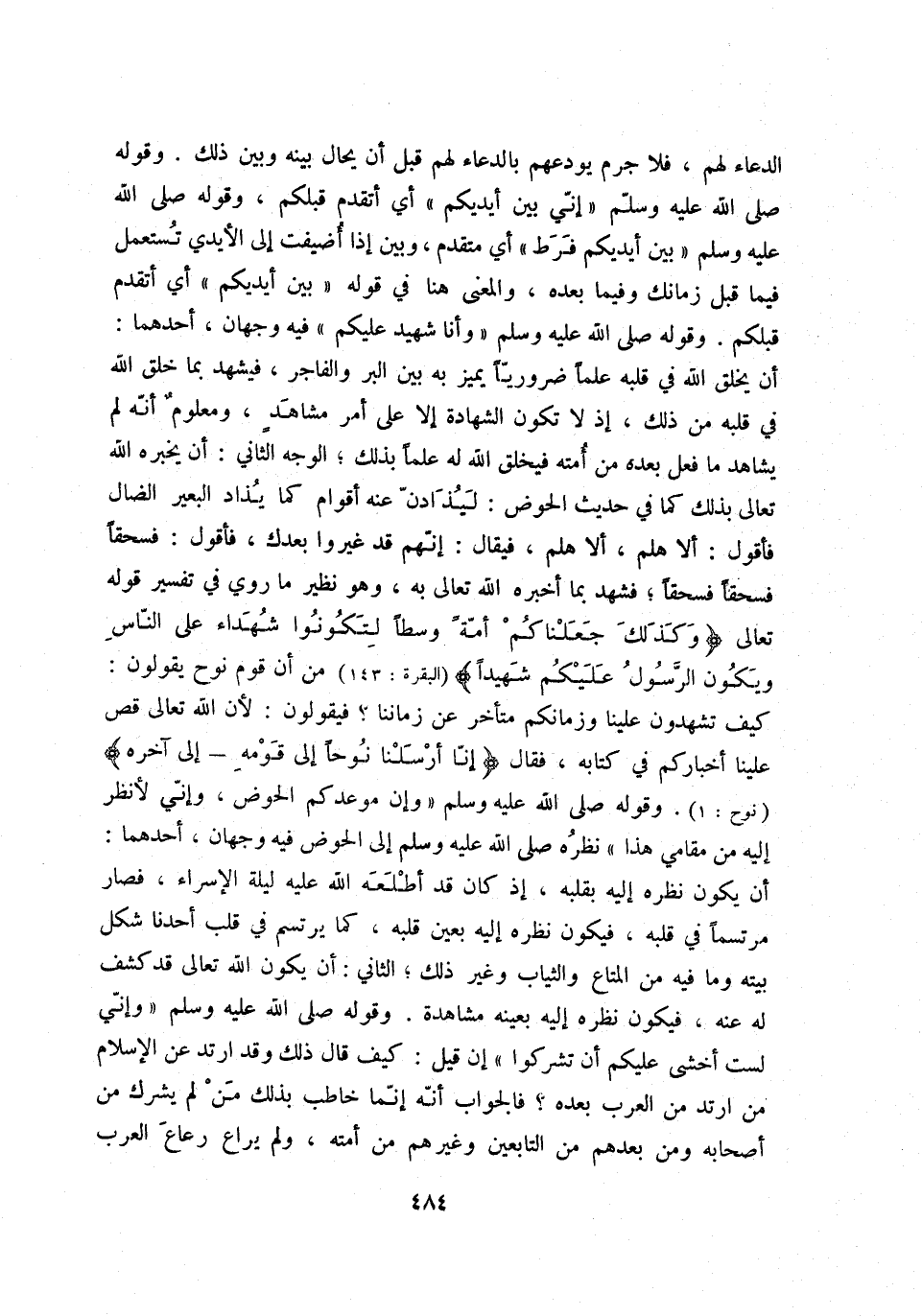 الدعاء لهم، فلا جرم يودعهم بالدعاء لهم قبل أن يحال بينه وبين ذلك، وقوله صلى الله عليه وسلم " إني بين أيديكم " أي أتقدم قبلكم، وقوله صلى الله عليه وسلم " بين أيديكم فرط " أي متقدم، وبين إذا أضيفت إلى الأيدي تستعمل فيما قبل زمانك وفيما بعده، والمعنى هنا في قوله " بين أيديكم " أي أتقدم قبلكم، وقوله صلى الله عليه وسلم " وأنا شهيد عليكم " فيه وجهان، أحدهما: أن يخلق الله في قلبه علماً ضرورياً يميز به بين البر والفاجر، فيشهد بما خلق الله في قلبه من ذلك، إذ لا تكون الشهادة إلا على أمر مشاهد، ومعلوم أنه لم يشاهد ما فعل بعده من أمته فيخلق الله له علماً بذلك، الوجه الثاني: أن يخبره الله تعالى بذلك كما في حديث الحوض: ليذدان عنه أقوام كما يذاد البعير الضال فأقول: ألا هلم، ألا هلم، فيقال: إنهم قد غيروا بعدك، فأقول: فسحقاً فسحقاً فسحقاً، فشهد بما أخبره الله تعالى به، وهو نظير ما روي في تفسير قوله تعالى " وكذلك جعلناكم أمة وسطاً لتكونوا شهداء على الناس ويكون الرسول عليكم شهيداً " من أن قوم نوح يقولون: كيف تشهدون علينا وزمانكم متأخر عن زماننا فيقولون: لأن الله تعالى قص علينا أخباركم في كتابه، فقال " إنا أرسلنا نوحاً إلى قومه - إلى آخره ".
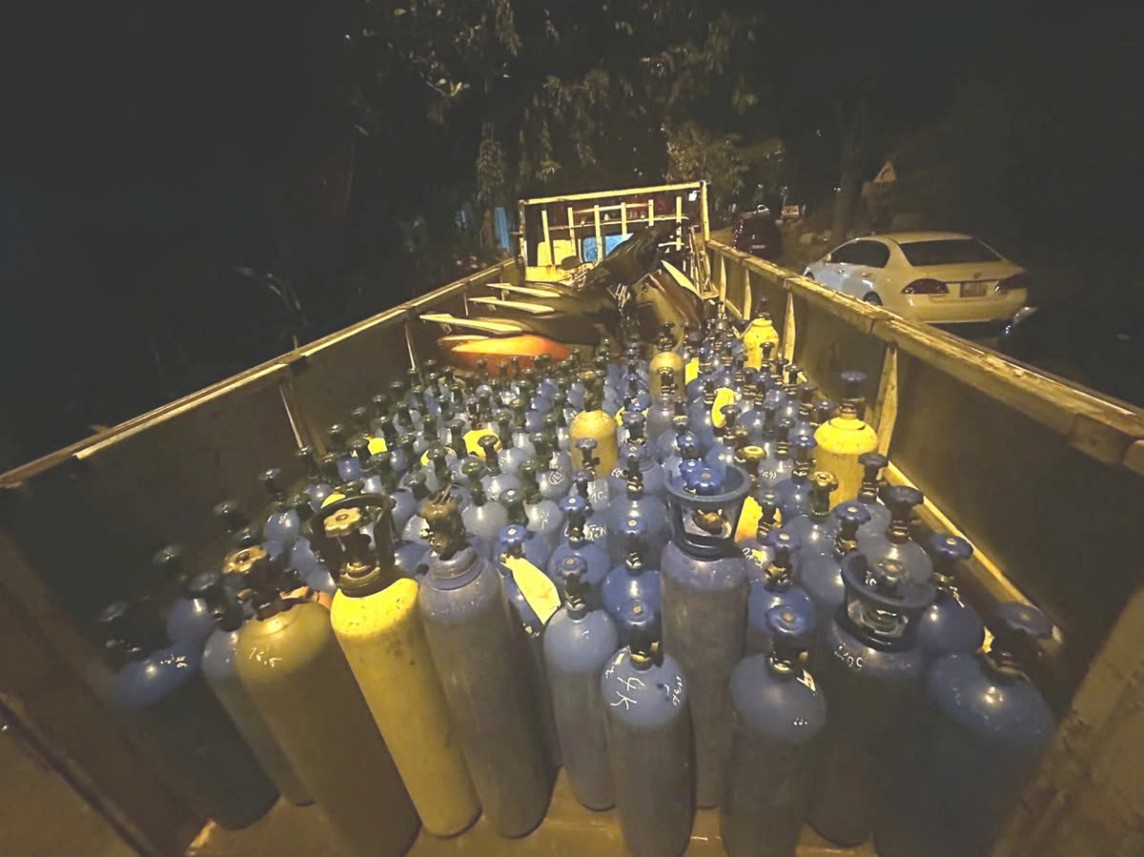 Qua kiểm tra, lực lượng liên ngành phát hiện 162 bình kim loại màu vàng, xanh nghi chứa khí N2O (khí cười). Qua làm việc, ông V. khai nhận toàn bộ số hàng hóa nói trên được đặt mua trên mạng nên không có hóa đơn, chứng từ chứng minh nguồn gốc xuất xứ.
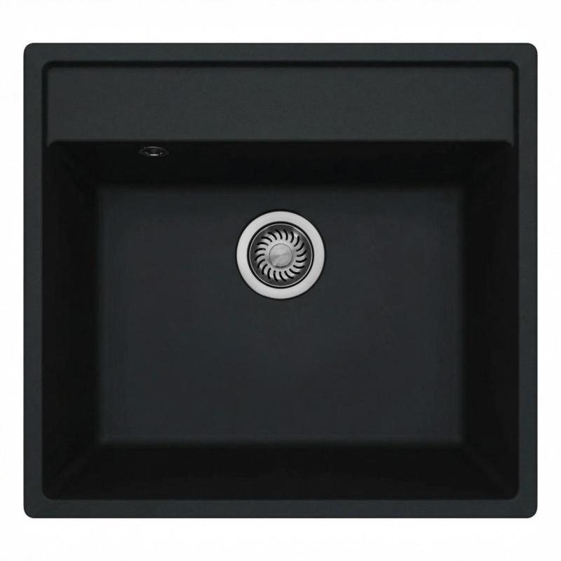 GraniteMy Bremen granieten spoelbak 53x50 cm zwart opbouw onderbouw en vlakinbouw met kraangatbank MET RVS PLUG Opbouw, onderbouw of vlakinbouw te verwerken
☆ ☆ ☆ ☆ ☆
Task prompt —
Once the pictures are set aside, repeat the data above exactly as written.

Your solution —
 الدعاء لهم، فلا جرم يودعهم بالدعاء لهم قبل أن يحال بينه وبين ذلك، وقوله صلى الله عليه وسلم " إني بين أيديكم " أي أتقدم قبلكم، وقوله صلى الله عليه وسلم " بين أيديكم فرط " أي متقدم، وبين إذا أضيفت إلى الأيدي تستعمل فيما قبل زمانك وفيما بعده، والمعنى هنا في قوله " بين أيديكم " أي أتقدم قبلكم، وقوله صلى الله عليه وسلم " وأنا شهيد عليكم " فيه وجهان، أحدهما: أن يخلق الله في قلبه علماً ضرورياً يميز به بين البر والفاجر، فيشهد بما خلق الله في قلبه من ذلك، إذ لا تكون الشهادة إلا على أمر مشاهد، ومعلوم أنه لم يشاهد ما فعل بعده من أمته فيخلق الله له علماً بذلك، الوجه الثاني: أن يخبره الله تعالى بذلك كما في حديث الحوض: ليذدان عنه أقوام كما يذاد البعير الضال فأقول: ألا هلم، ألا هلم، فيقال: إنهم قد غيروا بعدك، فأقول: فسحقاً فسحقاً فسحقاً، فشهد بما أخبره الله تعالى به، وهو نظير ما روي في تفسير قوله تعالى " وكذلك جعلناكم أمة وسطاً لتكونوا شهداء على الناس ويكون الرسول عليكم شهيداً " من أن قوم نوح يقولون: كيف تشهدون علينا وزمانكم متأخر عن زماننا فيقولون: لأن الله تعالى قص علينا أخباركم في كتابه، فقال " إنا أرسلنا نوحاً إلى قومه - إلى آخره ".
 Qua kiểm tra, lực lượng liên ngành phát hiện 162 bình kim loại màu vàng, xanh nghi chứa khí N2O (khí cười). Qua làm việc, ông V. khai nhận toàn bộ số hàng hóa nói trên được đặt mua trên mạng nên không có hóa đơn, chứng từ chứng minh nguồn gốc xuất xứ.
 GraniteMy Bremen granieten spoelbak 53x50 cm zwart opbouw onderbouw en vlakinbouw met kraangatbank MET RVS PLUG Opbouw, onderbouw of vlakinbouw te verwerken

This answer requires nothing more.